--- Given data ---
● ● ● ● ● ● ●

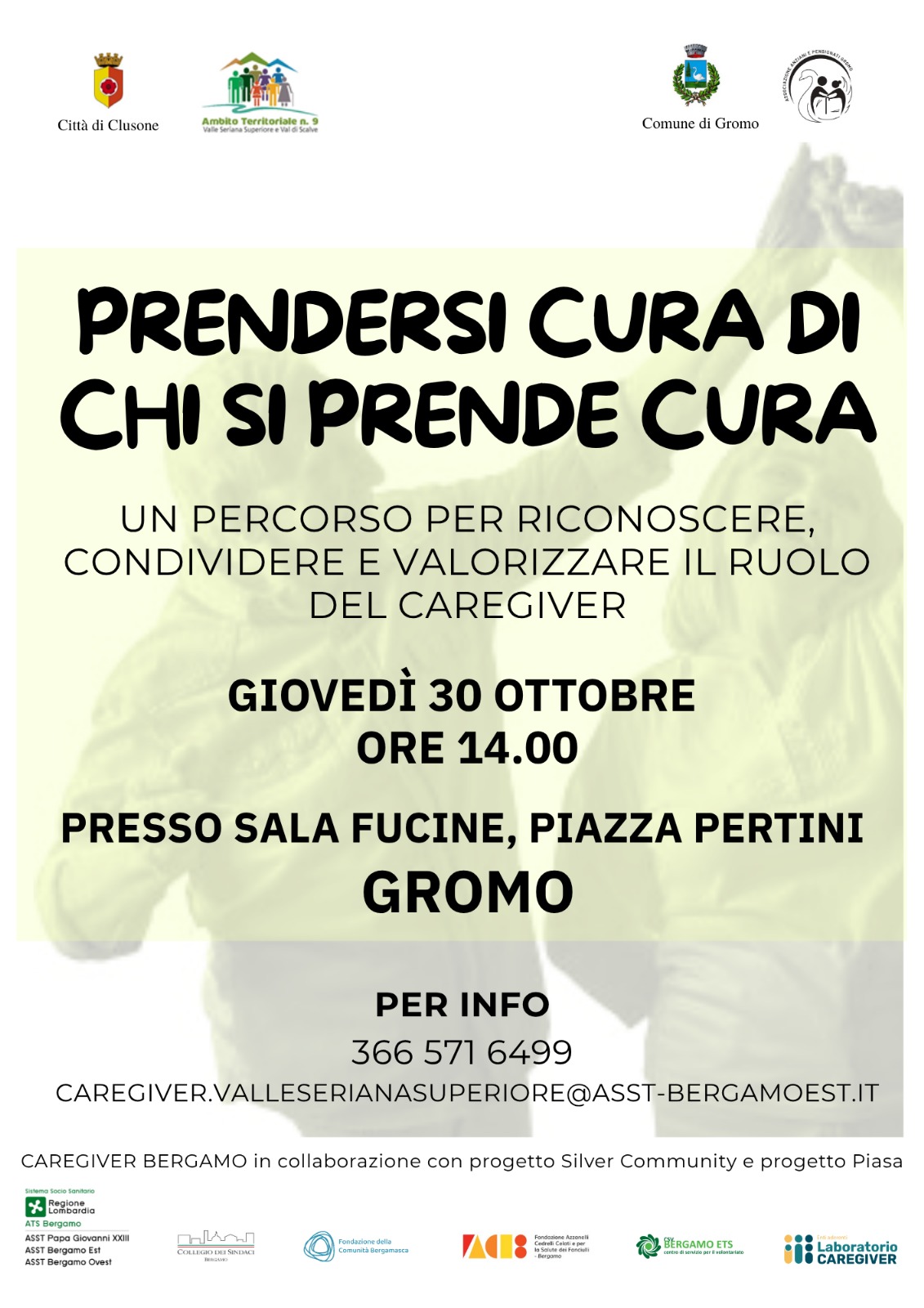 Il giorno 30 ottobre alle ore 14:00 presso la Sala Fucine in Piazza Pertini a Gromo si terrà un incontro dedicato ai caregiver famigliari del territorio. La proposta si inserisce all’interno di “Caregiver Bergamo- Accanto a chi si prende cura”, progetto di rete che vuole offrire supporto pratico e mirato a tutte quelle persone che all’interno delle proprie famiglie si prendono cura di un genitore, di un fratello, di un figlio, di un parente o anche di un amico.
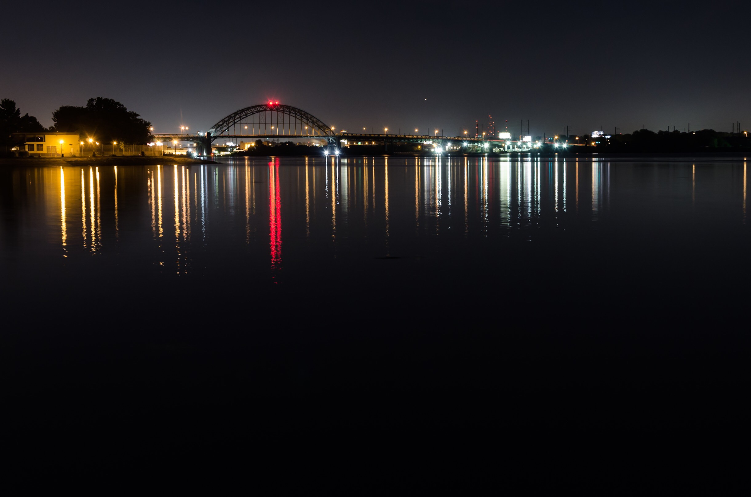 I’m very fortunate to live near such iconic scenery like the Delaware River and the Tacony-Palmyra Bridge. There’s always something new to photograph on the river, and the open space gives me ample opportunities to photograph sunrises and sunsets 1. I’d never, however, been down to the river to capture the bridge at night. Yesterday I rectified this situation and walked down to the banks of the Delaware with my tripod, wireless tether, and camera. I took my 18-105mm lens, as it gave me the best range of focal lengths for the photos I was envisioning. My favorite image from the night is embedded below.
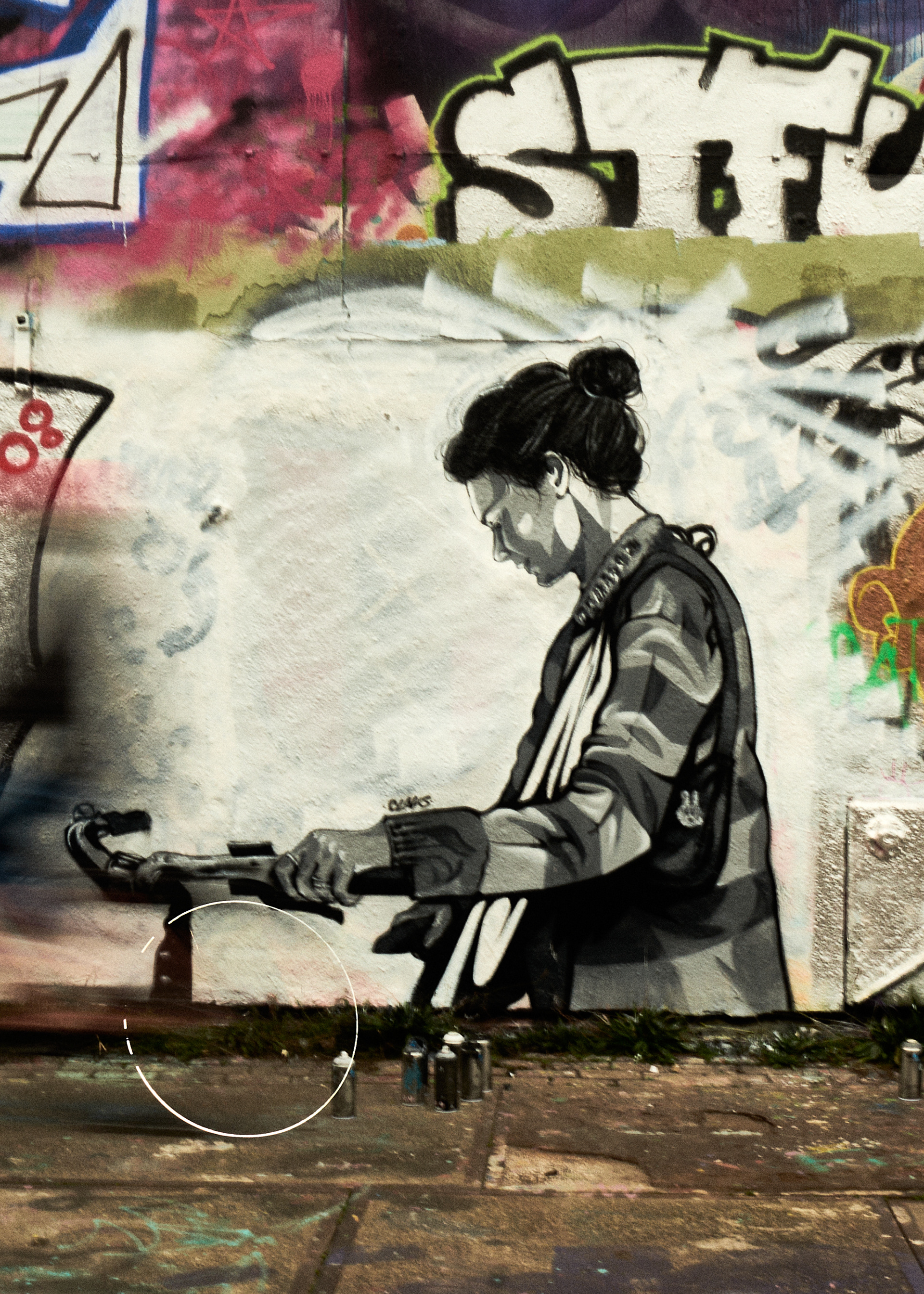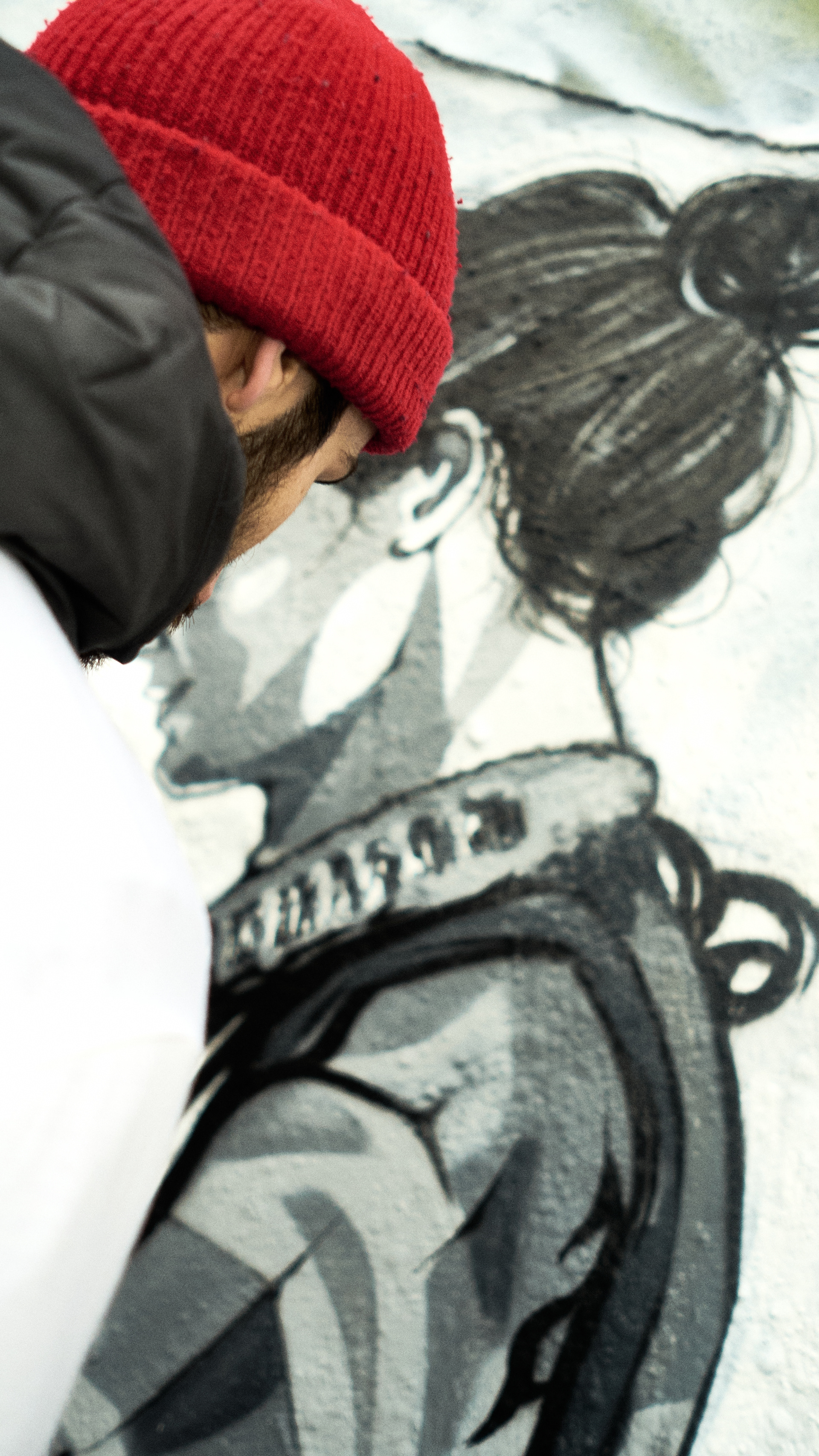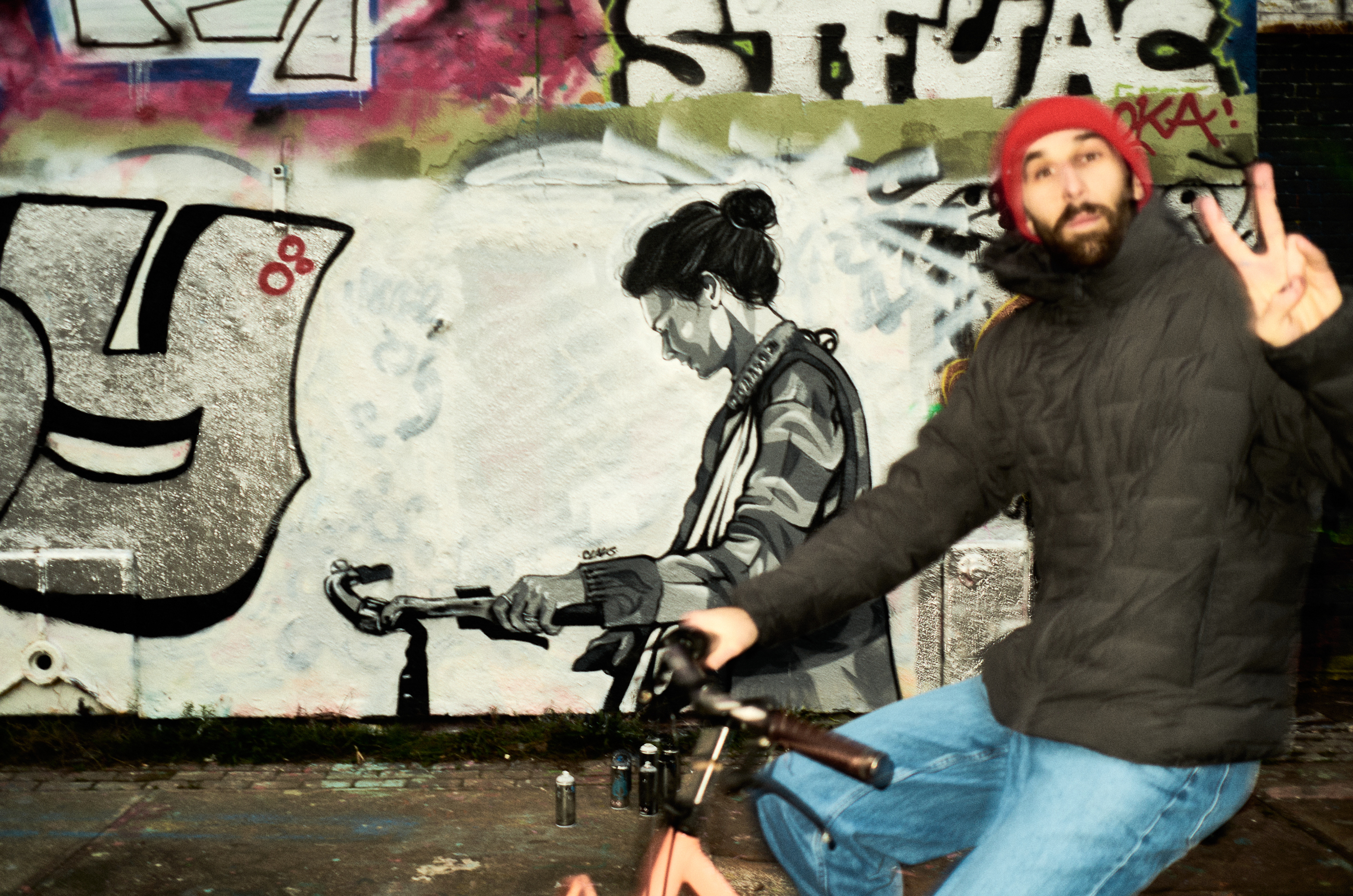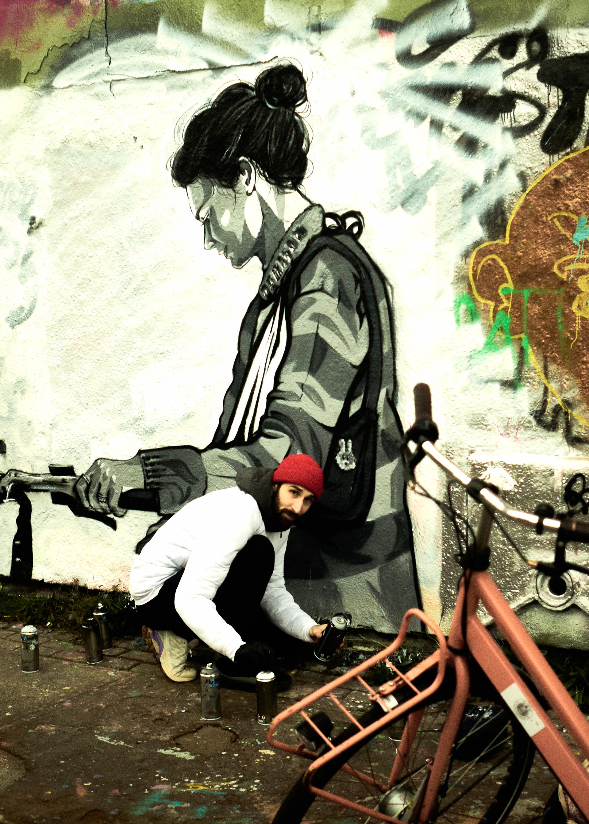 CONTEXTE : Comme à chaque fois que je découvre une ville, l’envie me ronge d’y laisser une trace. Direction le quartier NDSM à Amsterdam pour ma dernière intervention de l’année. L’exercice à l’étranger impose ses propres limites car il est impossible de faire entrer une échelle dans une valise. Cette contrainte logistique m'a forcé à travailler à hauteur d'homme et à délaisser le monumental pour me focaliser sur l'intime.

● ● ● ● ● ● ●

--- What to produce ---
Would you output the full listing exactly as it stands, minus the images?

--- Task solution ---
 Il giorno 30 ottobre alle ore 14:00 presso la Sala Fucine in Piazza Pertini a Gromo si terrà un incontro dedicato ai caregiver famigliari del territorio. La proposta si inserisce all’interno di “Caregiver Bergamo- Accanto a chi si prende cura”, progetto di rete che vuole offrire supporto pratico e mirato a tutte quelle persone che all’interno delle proprie famiglie si prendono cura di un genitore, di un fratello, di un figlio, di un parente o anche di un amico.
 I’m very fortunate to live near such iconic scenery like the Delaware River and the Tacony-Palmyra Bridge. There’s always something new to photograph on the river, and the open space gives me ample opportunities to photograph sunrises and sunsets 1. I’d never, however, been down to the river to capture the bridge at night. Yesterday I rectified this situation and walked down to the banks of the Delaware with my tripod, wireless tether, and camera. I took my 18-105mm lens, as it gave me the best range of focal lengths for the photos I was envisioning. My favorite image from the night is embedded below.
 CONTEXTE : Comme à chaque fois que je découvre une ville, l’envie me ronge d’y laisser une trace. Direction le quartier NDSM à Amsterdam pour ma dernière intervention de l’année. L’exercice à l’étranger impose ses propres limites car il est impossible de faire entrer une échelle dans une valise. Cette contrainte logistique m'a forcé à travailler à hauteur d'homme et à délaisser le monumental pour me focaliser sur l'intime.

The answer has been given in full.